Surrounded on three sides by rugged cliffs and medieval fortifications, Luxembourg City’s historical centre is a charming web of narrow, mostly pedestrian streets lined with boutiques and punctuated here and there by bustling market squares. At its heart is the majestic Grand Ducal Palace, where Luxembourg’s hereditary sovereign resides.
The Bock Casemates ring the city centre and overlook the Lower City, known as the Grund, with its bars and restaurants. Across the Alzette river valley is the reconstructed Fort Thüngen, which houses the Dräi Eechelen museum, and
behind it, the Grand Duchy’s contemporary arts museum Mudam.
Luxembourg City is full of upscale hotels but one towers above the rest. Sofitel’s Grand Ducal is perched on the edge of the Petrusse valley and offers breathtaking views of the capital, particularly from its eighth-floor bar and restaurant. In the south of the country, near the French border, Esch-sur-Alzette’s designer Seven Hotel provides boutique accommodations in the verdant, hilltop Gaalgebierg park.

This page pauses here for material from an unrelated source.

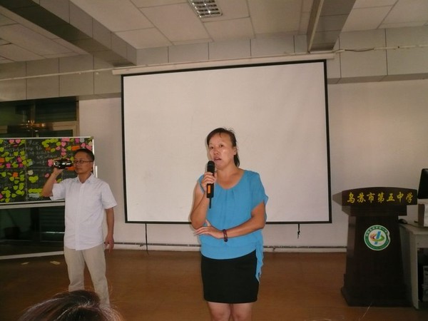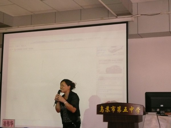 乌苏市教育局副局长付吉春正在征求大家意见要不要等正在给几百名家长做讲座

Luxembourg’s food scene has blossomed in recent years, and gourmands can now find an array of international eateries. With its spacious, sun-kissed terrace
and proximity to the station, the Buvette is a hotspot for lunch and happy hour. Family business Athena serves up top-quality Greek dishes and Hellenic hospitality a few blocks away. Down in the Grund’s neighbouring Clausen quarter, Ukulele presents spicy Thai fare in one of the historic neighbourhood’s original houses.
Then there’s Éirelux. Situated in an industrial park on the fringes of the capital’s Howald district, the place was conceived as an Irish grocery before growing into a pub and bistro. Diners can chow down on Irish specialities while drinking Irish craft beer and watching football on a giant screen.

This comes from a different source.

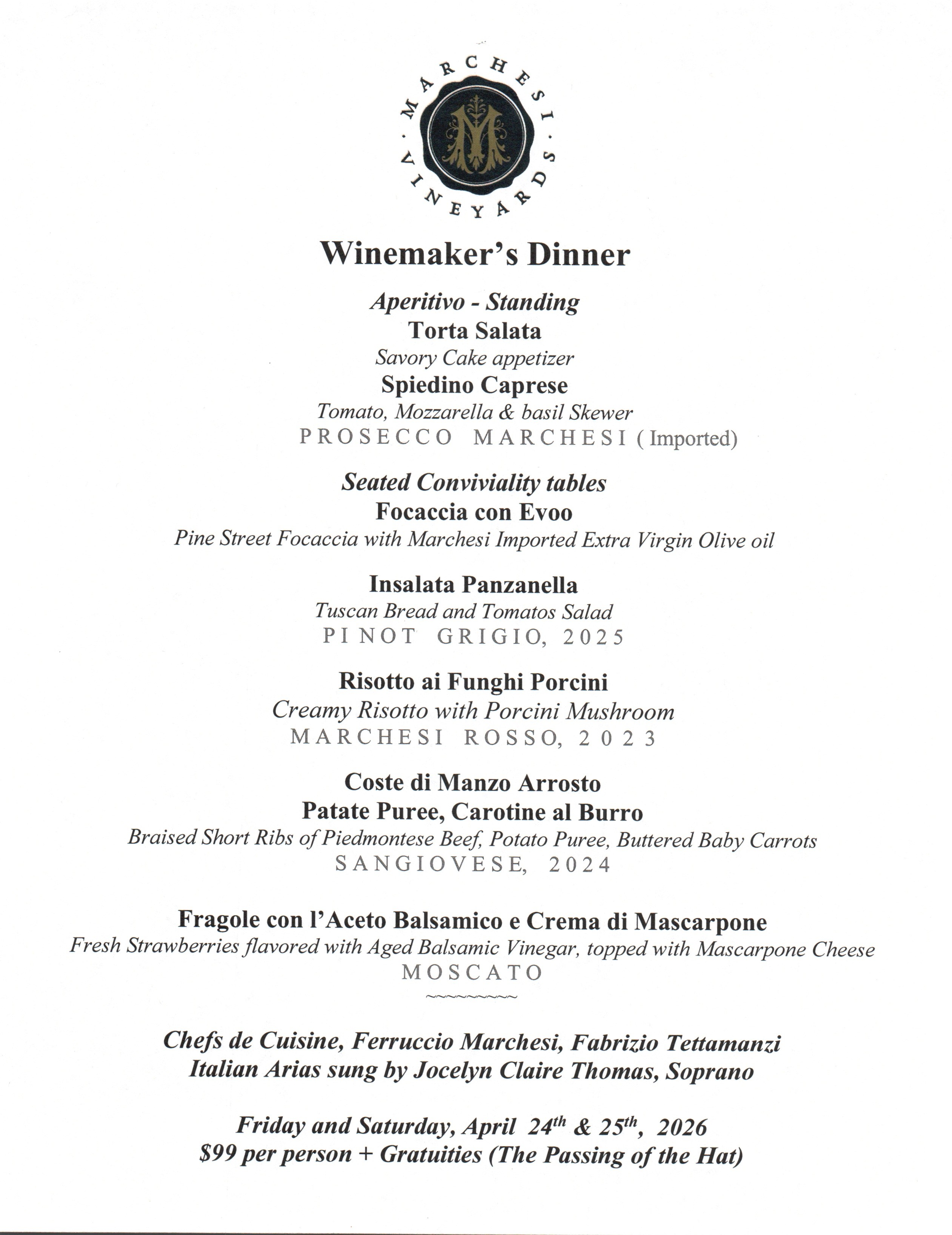 We can't wait to share this extraordinary evening with you, filled with good wine, food, and music that will transport you straight to Italy!

There’s much to see beyond the cobblestone streets of Luxembourg City’s historical centre. Take the elevator down to the Grund and Clausen districts, where green spaces and restaurants line the banks of the meandering Alzette river.

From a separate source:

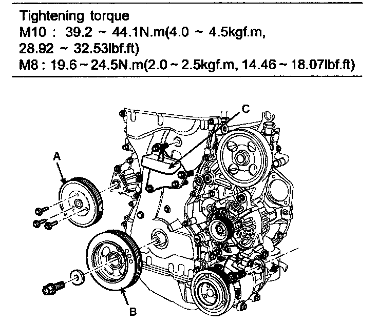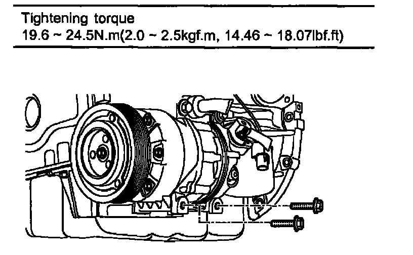 Tightening torque 19.6 - 24.5 Nm (2.0 - 2.5 kgf.m, 14.46 - 18.07 ft. lbs.)
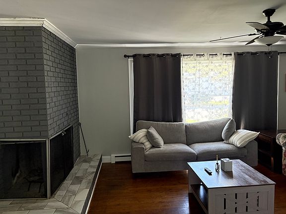 This recently updated 3-bedroom, 1-bath brick house offers 1,350 sq ft of comfort and style. Enjoy hardwood floors throughout, a warm wood-burning fireplace, and a modern eat-in kitchen featuring appliances ready to be use. Step through sliding doors onto a spacious deck overlooking a large backyard with an above-ground pool for a bunch of family fun! Located on a quiet corner lot, you're within walking distance to local shops and eateries. The owner pays for the water bill, tenants will be responsible for the electricity and garbage bill. The house just got Verizon Fios put in, has a choice to continue with Fios or change to their own provider.

A short drive to the south is Belval, a repurposed steelworks that now accommodates an industrial history museum, a shopping and dining complex, contemporary office blocks and a university campus as well as the Grand Duchy’s biggest concert venue, the Rockhal.
To the north, rugged countryside awaits. There are lakes, rivers, forests and even spectacular waterfalls in the Mullerthal region, nicknamed Little Switzerland.